§ Material provided
◆ ◆ ◆ ◆

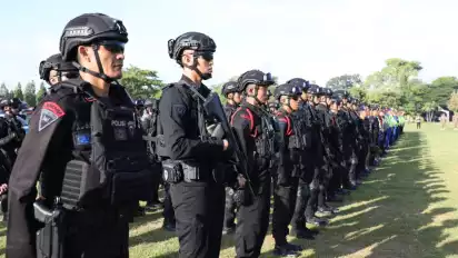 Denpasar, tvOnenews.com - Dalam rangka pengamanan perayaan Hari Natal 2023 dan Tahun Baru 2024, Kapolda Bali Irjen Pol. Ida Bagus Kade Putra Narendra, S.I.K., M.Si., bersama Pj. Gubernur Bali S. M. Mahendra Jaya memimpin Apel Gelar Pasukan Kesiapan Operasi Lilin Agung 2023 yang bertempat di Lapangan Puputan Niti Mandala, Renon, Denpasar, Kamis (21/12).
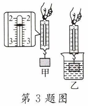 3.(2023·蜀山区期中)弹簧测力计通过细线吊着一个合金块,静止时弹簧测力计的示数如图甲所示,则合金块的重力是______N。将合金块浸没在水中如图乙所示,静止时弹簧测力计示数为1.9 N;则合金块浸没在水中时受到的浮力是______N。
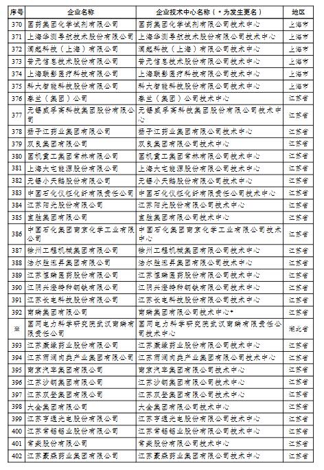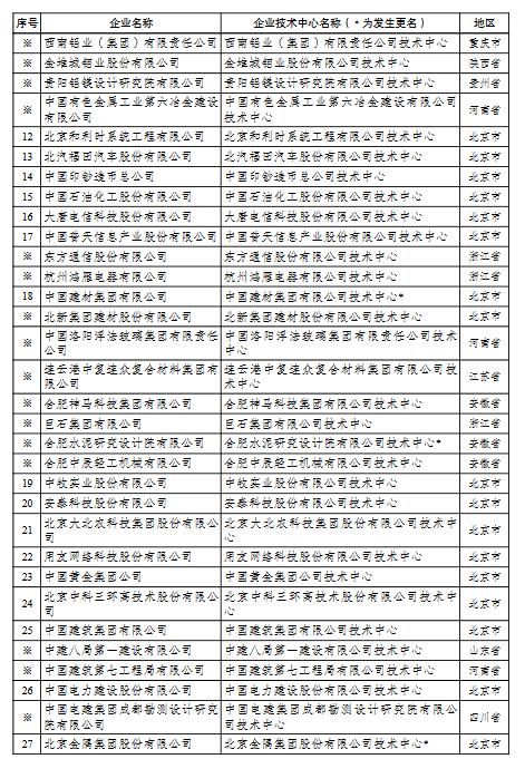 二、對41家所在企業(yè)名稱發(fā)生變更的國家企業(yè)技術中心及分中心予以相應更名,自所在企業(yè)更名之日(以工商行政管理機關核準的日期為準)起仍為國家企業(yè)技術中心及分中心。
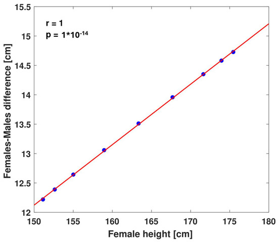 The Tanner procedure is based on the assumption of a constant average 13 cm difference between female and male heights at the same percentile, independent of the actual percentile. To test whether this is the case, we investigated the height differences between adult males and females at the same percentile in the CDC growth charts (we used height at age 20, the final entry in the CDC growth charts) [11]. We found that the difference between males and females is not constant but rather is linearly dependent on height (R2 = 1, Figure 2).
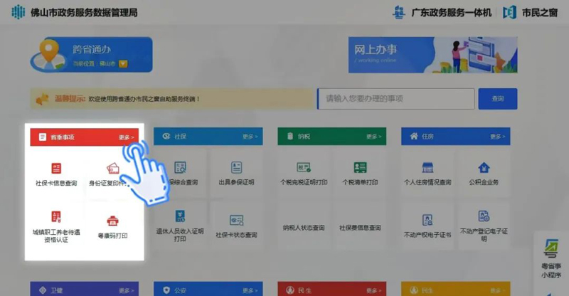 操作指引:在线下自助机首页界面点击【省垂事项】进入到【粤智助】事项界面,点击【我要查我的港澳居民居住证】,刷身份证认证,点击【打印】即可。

◆ ◆ ◆ ◆

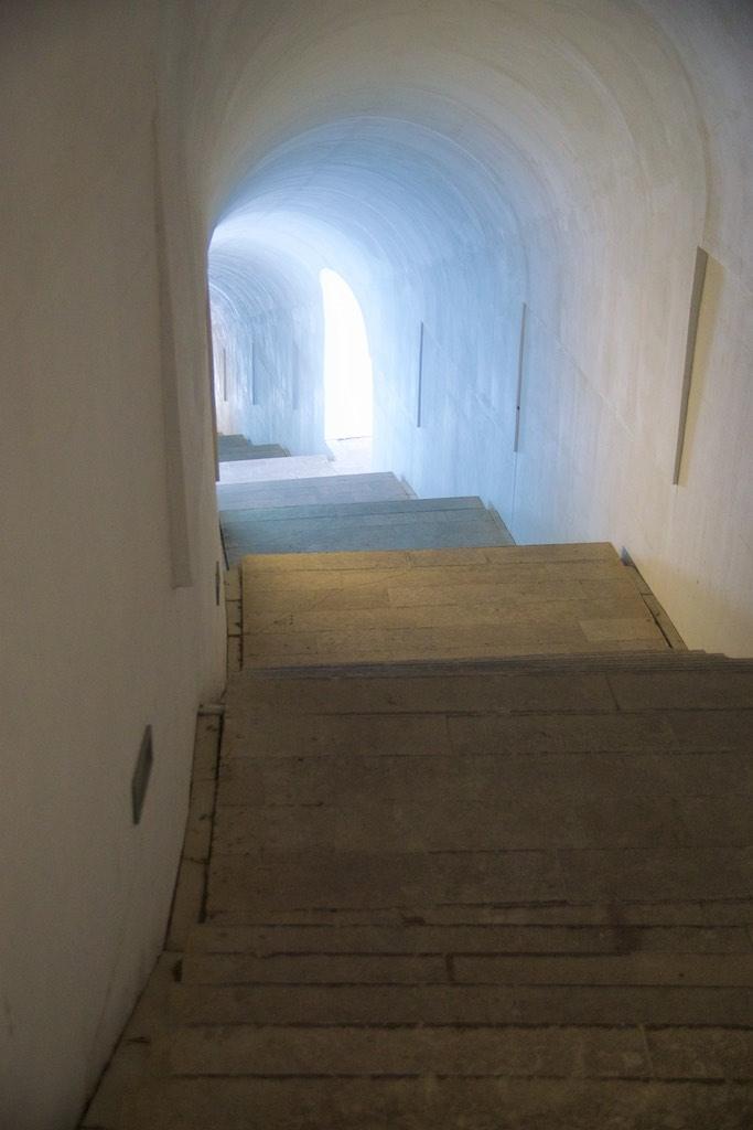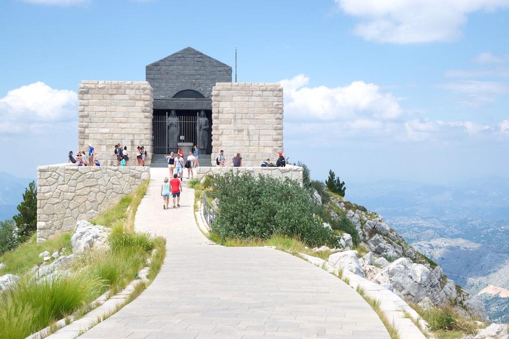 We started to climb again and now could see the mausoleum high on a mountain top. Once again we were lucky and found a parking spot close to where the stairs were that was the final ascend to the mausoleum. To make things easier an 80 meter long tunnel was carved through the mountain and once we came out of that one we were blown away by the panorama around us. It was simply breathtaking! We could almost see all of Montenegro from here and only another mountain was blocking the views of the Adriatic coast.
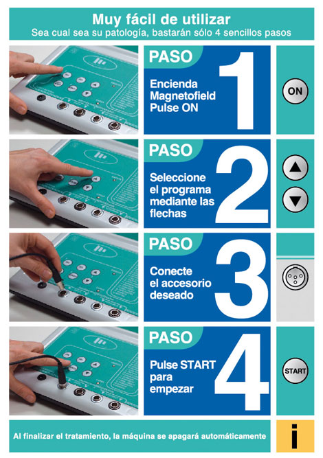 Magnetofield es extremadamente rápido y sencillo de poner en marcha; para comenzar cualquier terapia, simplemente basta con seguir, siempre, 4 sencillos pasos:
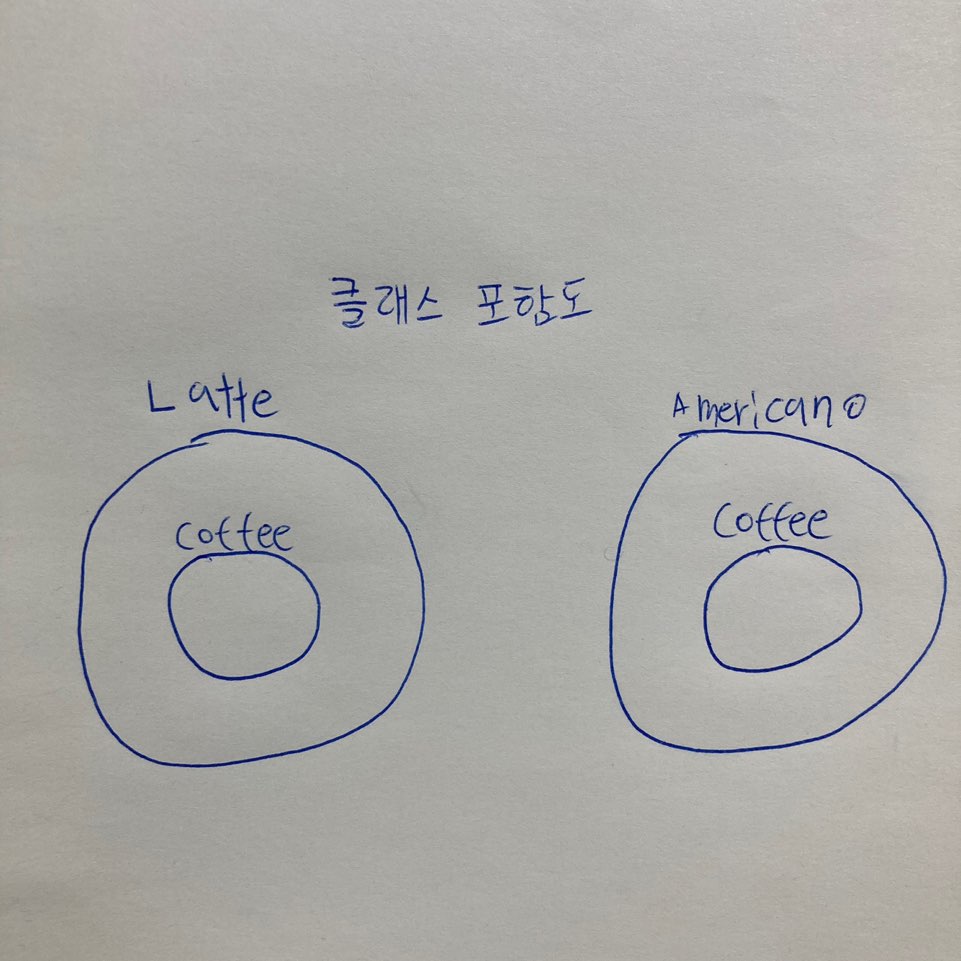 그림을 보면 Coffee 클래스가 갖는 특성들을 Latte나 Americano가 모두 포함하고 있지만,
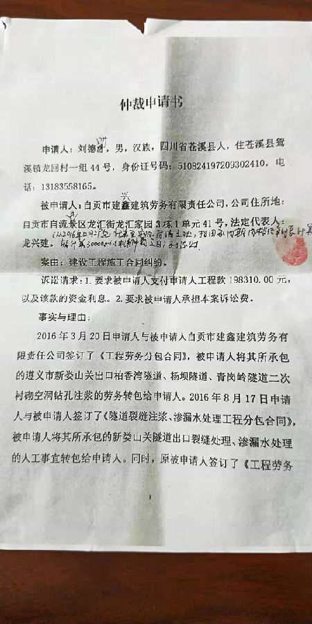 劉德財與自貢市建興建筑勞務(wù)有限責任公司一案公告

◆ ◆ ◆ ◆

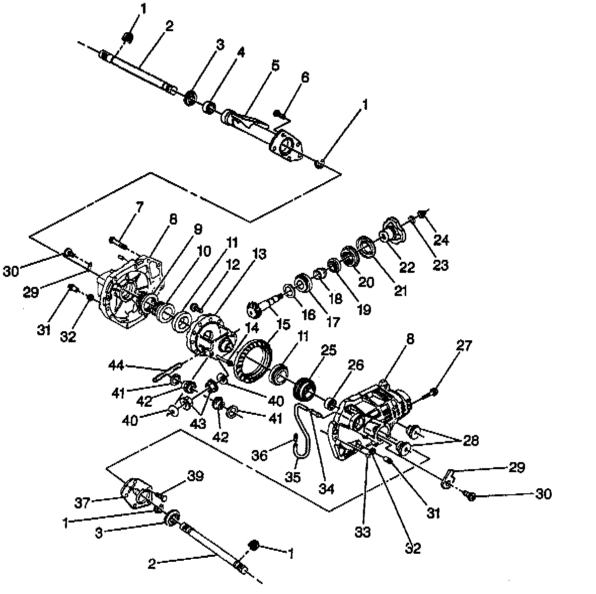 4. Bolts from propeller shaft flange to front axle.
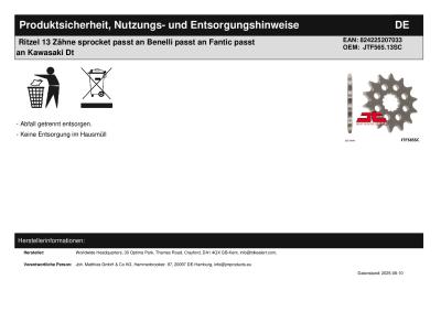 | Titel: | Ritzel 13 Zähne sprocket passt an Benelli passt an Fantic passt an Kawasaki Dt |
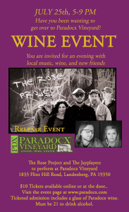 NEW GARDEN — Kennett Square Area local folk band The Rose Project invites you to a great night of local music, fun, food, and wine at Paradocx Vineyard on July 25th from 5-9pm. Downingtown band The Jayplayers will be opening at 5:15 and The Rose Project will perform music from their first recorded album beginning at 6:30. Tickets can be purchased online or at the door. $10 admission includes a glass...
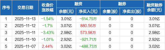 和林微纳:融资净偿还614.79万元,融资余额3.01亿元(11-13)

◆ ◆ ◆ ◆

§ Work request
Transcribe only the lines above that start at the line containing "Kawasaki Dt |" and end at the line containing "和林微纳:融资净偿还614.79万元,融资余额3.01亿元(11-13)". Omit pictures.

§ Written reply
 | Titel: | Ritzel 13 Zähne sprocket passt an Benelli passt an Fantic passt an Kawasaki Dt |
 NEW GARDEN — Kennett Square Area local folk band The Rose Project invites you to a great night of local music, fun, food, and wine at Paradocx Vineyard on July 25th from 5-9pm. Downingtown band The Jayplayers will be opening at 5:15 and The Rose Project will perform music from their first recorded album beginning at 6:30. Tickets can be purchased online or at the door. $10 admission includes a glass...
 和林微纳:融资净偿还614.79万元,融资余额3.01亿元(11-13)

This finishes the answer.